An exercise to write a program to output the Top N numbers from a large file.
This solution assumes memory is constrained so an External Merge Sort (https://en.wikipedia.org/wiki/External_sorting) is used. The input file is read in “chunks” into an array. Once the array is full, the data is then sorted using an optimized quicksort that forgoes sorting data that is known to be lower than the top Nth number in that array. As we only require the top N numbers, only the top N numbers found in the partially sorted array are written to disk (from highest to lowest) and the remaining numbers are discarded. This process is repeated until the input file is read to the end. A K-way merge is then performed to read the TOP N numbers from the sorted chunks. Data from each chunk is read in small batches into a queue. Each queue is then peeked at to see which contains the largest number. Once the queue with largest number has been identified, it is dequeued and the number is output. When a queue is emptied, it is repopulated with another batch of data from its corresponding chunk. Once the TOP N numbers have been found, the merge is abandoned and the chunks are deleted from the disk. The quick sort average performance is O(n log n) and worst case O(n2). The merging operation performance is O(n). Space complexity is constant as the maximum memory allocation is fixed (see chunk size below).
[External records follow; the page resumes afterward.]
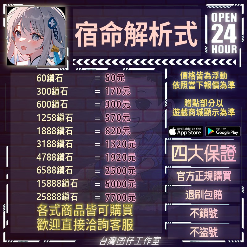 代儲【15888鑽石=5120元】 🏆24H客服🏆宿命解析式代儲🔥現貨秒出🔥台灣囝仔🔥退刷包賠🔥
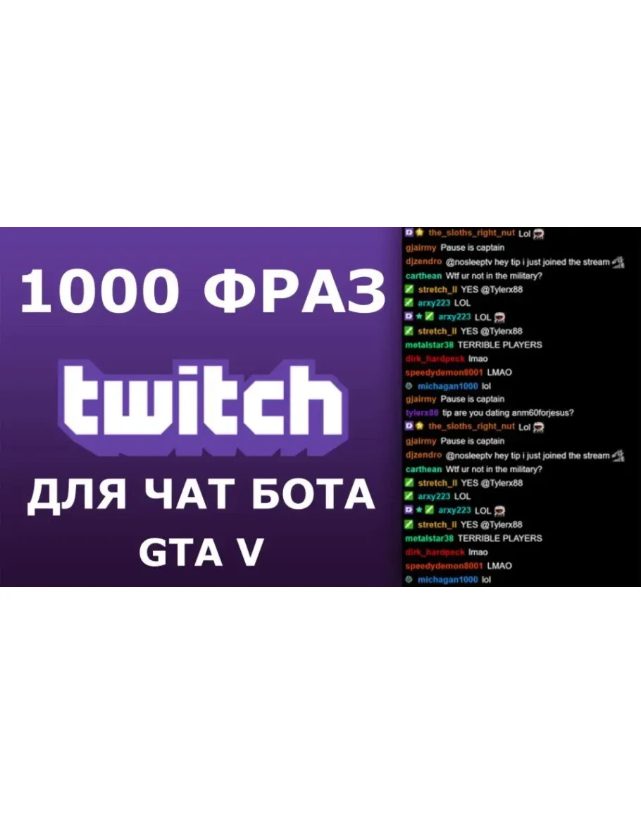 Текстовый файл с фразами (1100 фраз на русском GTA V) для чат-ботов имитирующих общение на стриме либо в заданном чате с помощью сервисов и программ в которые загружается данный файл с фразами (товар не содержит софт, а только текстовый файл с фразами которые не повторяются, не имеют привязки к месту, конкретному каналу, стримеру) Файл не содержит дословных повторов фраз!
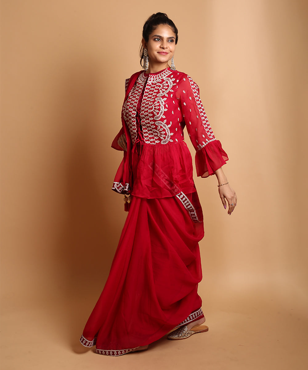 Make a bold style statement with this crimson designer saree, paired with a trendy jacket-style ready blouse. The fusion of contemporary tailoring with traditional drape creates a striking look ideal for receptions, parties, and festive evenings. Rich in color and style, this ensemble is designed to turn heads effortlessly.
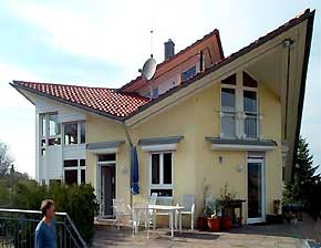 Terrasse über Garagendach. Vorbau-Rolladen bilden kleine Überdachungen für die darunter liegenden Fenster.
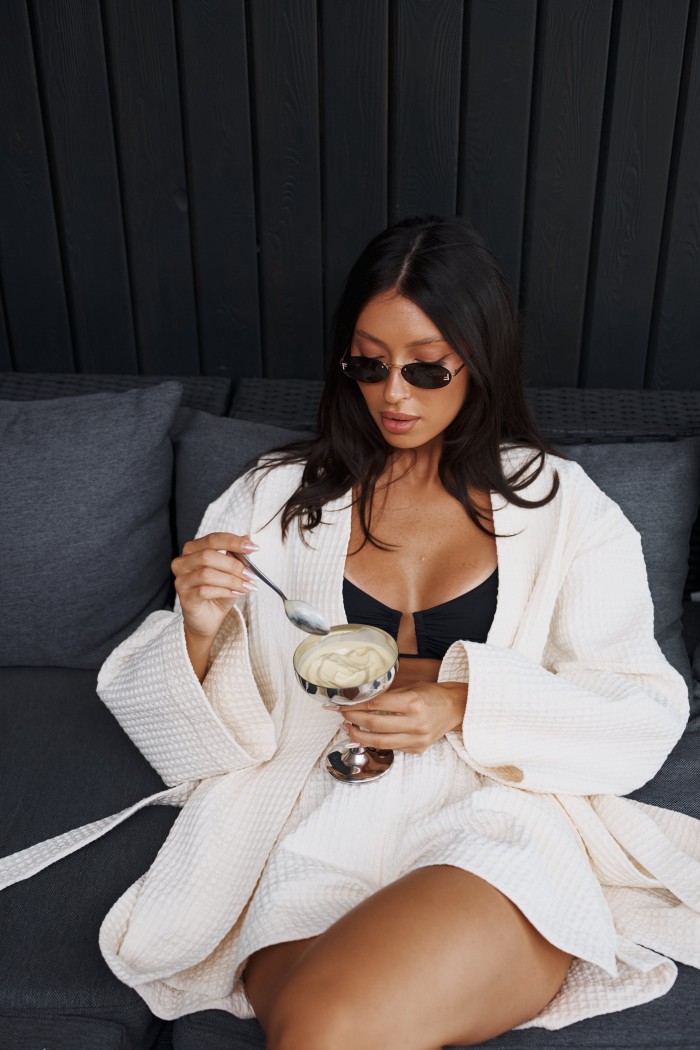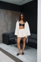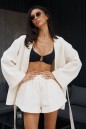 Кардиган свободного кроя. Выполнен из фактурного хлопкового полотна светло-бежевого цвета. Рукав втачной, спущенный. На уровне линии талии шлёвки. В комплекте пояс из ткани основного изделия. Длина рукава от линии втачивания 55 см. Длина спинки 74 см

- Program does not have to return distinct TOP N numbers (duplicates are acceptable)
- Disk space is not constrained
- The chunk size (amount of data that can be loaded into memory) should proportional to the available RAM. I have set the chunk size to 50,000,000 numbers. A memory profile should be performed to tune the optimal chunk size.
- NUnit unit tests are included
- A simple command line utility is included to generate unsorted data files
- If the entire file can be read into a single chunk, then sort it and return the TOP N without writing to disk.
- Rather than reading a chunk into memory and sorting it before writing it to disk, unsorted chunks could be written to disk and then the sorting operations could be distributed and run in parallel.
- Allow setting the chunk size from tests to validate merging functionality in less time by using smaller data files.
- Cleaning up leftover chunks in the case of an exception occurring.